A segunda vantagem mais flagrante da nova máscara tática do Chelsea é uma maior amplificação do jogo ofensivo dos alas – Alonso e Moses/Zappacosta. Foi bem visível no segundo golo (notável) dos azuis no dérbi de anteontem contra o Arsenal como os dois flanqueadores se uniram na concretização. Podem aventurar-se ainda mais em fase ofensiva porque sentem que, mesmo que haja uma perda de bola, existem os tais seis homens no corredor central (3 defesas-centrais + 3 médios-centro) que estabilizam a transição defensiva e que não deixam a equipa tão vulnerável.
Em teoria, remover um médio-ofensivo como Pedro ou Willian, para apostar num médio-centro, que se posiciona mais atrás, indiciaria que a equipa atacaria pior. Mas essa pode ser uma ideia falsa, não só porque Bakayoko pode transmitir maior variabilidade nas desmarcações, como nenhum outro consegue fazer naquela equipa, mas também porque, por outro lado, Cesc continua a poder jogar mais tempo para melhorar a tomada de decisão global na engrenagem ofensiva. A juntar a isso, os alas ganham mais conforto em ataque e Hazard tem ainda mais liberdade para aparecer onde quiser, distorcendo a eficácia da marcação zonal do adversário que nunca sabe muito bem quando e onde é que tem de lidar com as acelerações do ilusionista de La Louvière.

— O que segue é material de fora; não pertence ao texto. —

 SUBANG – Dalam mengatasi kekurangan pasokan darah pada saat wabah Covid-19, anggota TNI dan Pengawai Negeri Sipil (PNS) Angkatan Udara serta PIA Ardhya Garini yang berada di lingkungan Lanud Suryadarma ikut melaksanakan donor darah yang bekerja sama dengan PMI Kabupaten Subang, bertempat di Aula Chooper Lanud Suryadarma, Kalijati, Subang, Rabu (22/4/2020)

Sem Diego Costa, que, sozinho, podia tratar do assunto na frente contra dois ou três defesas, foi contratado Morata, a quem tem faltado algum ‘killer-instict’ para ser mais dominante na área. A primeira escolha tinha sido Lukaku, mas o Manchester United chegou-se à frente. E até Hazard já chegou a jogar algumas vezes a 9.

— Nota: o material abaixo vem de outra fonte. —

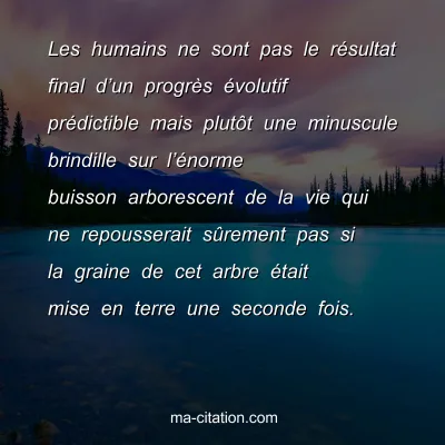 Les humains ne sont pas le résultat final d’un progrès évolutif prédictible mais plutôt une minuscule brindille sur l’énorme buisson arborescent de la vie qui ne repousserait sûrement pas si la graine de cet arbre était mise en terre une seconde fois.
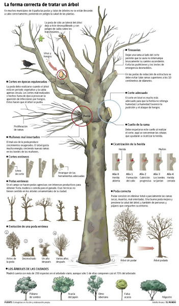 «Pues porque no nos queda otra», explica Labajos, ya que muchas de las especies que crecen en las ciudades no fueron en su día bien elegidas. Son demasiado grandes para la calle estrecha en la que están, o los árboles fueron plantados tan juntos o sobre un terreno tan poco apropiado que se salen del espacio o crecen torcidos o apuntando sus ramas hacia los viandantes o los coches. «Las podas son un parche a un problema que se ha generado en el momento de la plantación porque no ha habido una planificación».«Es la pescadilla que se muerde la cola», dice Enrique Paredes, presidente de la Escuela de Paisajismo y Jardinería Castillo de Batres.
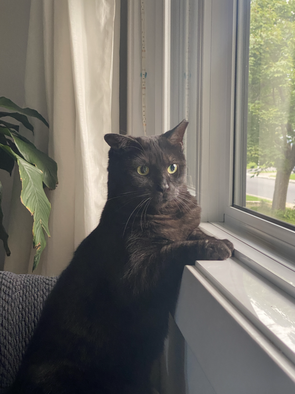 Once a wild spirit from a Northern Québec colony, now a velvet-coated chatterbox with the softest fur and a heart full of mischief. Despite losing most of his upper teeth, he hasn’t lost his charm—or his appetite for play. With his best friend Zoom, they merge into one mysterious, purring shadow by night.
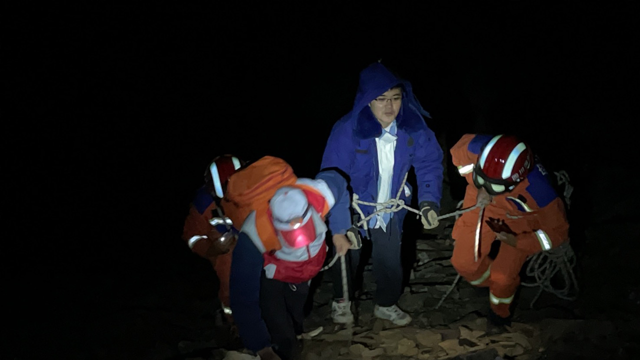 被困人员状态恢复后,在救援人员的保护下往山下转移。6月14日凌晨1时09分成功营救被困人员并将其送往当地卫生院。(总台央视记者杨妮)

As ondas de choque da derrocada em Roma, no Olímpico, fizeram-se sentir também na utilização de David Luiz, hoje completamente afastado dos planos de Conte e que ainda pode entrar no negócio de Alex Sandro de Turim para Londres. Christensen já não deve perder o lugar como central do meio prioritário e ainda há Rüdiger a poder jogar como central-lateral, com Cahill a poder alternar com o dinamarquês. Conte prefere mais coordenação e serenidade na posição de central do meio, com menos picos de corrente.
Conte procurou ainda mais estabilidade para esta época e a montagem do novo sistema surge nesse sentido, com menos probabilidades de se desmembrar em jogos a doer, não só em Inglaterra, como na ‘Champions’. É difícil afirmar que esta equipa é mais forte ou mais fraca que a da época passada. Sem David Luiz, Matic e Diego Costa, para além de um líder como Terry, a sensação mais rápida é que o Chelsea do presente não é tão intimidante.
Mas o facto de participar em simultâneo nas competições europeias em 17/18 também tem que se lhe diga e esse é um dado que não nos permite fazer uma comparação tão linear quanto isso. O que é certo é que Conte definiu um bloco mais compacto e procura atacar com as chegadas-surpresa de Bakayoko, fornecendo liberdade total para o génio de Hazard, que também não tem de fechar de forma tão pronunciada na meia-esquerda em fase defensiva. A teoria na montagem da equipa parece acertada, mas daí a ser correspondida com troféus já é outra história. Para todos os efeitos, o Manchester City, de Guardiola não está a dar hipóteses e ser eventualmente eliminado pelo Barça também não seria propriamente uma vergonha.
Luís Catarino é comentador da Sporttv e escreve no Bancada às sextas-feiras.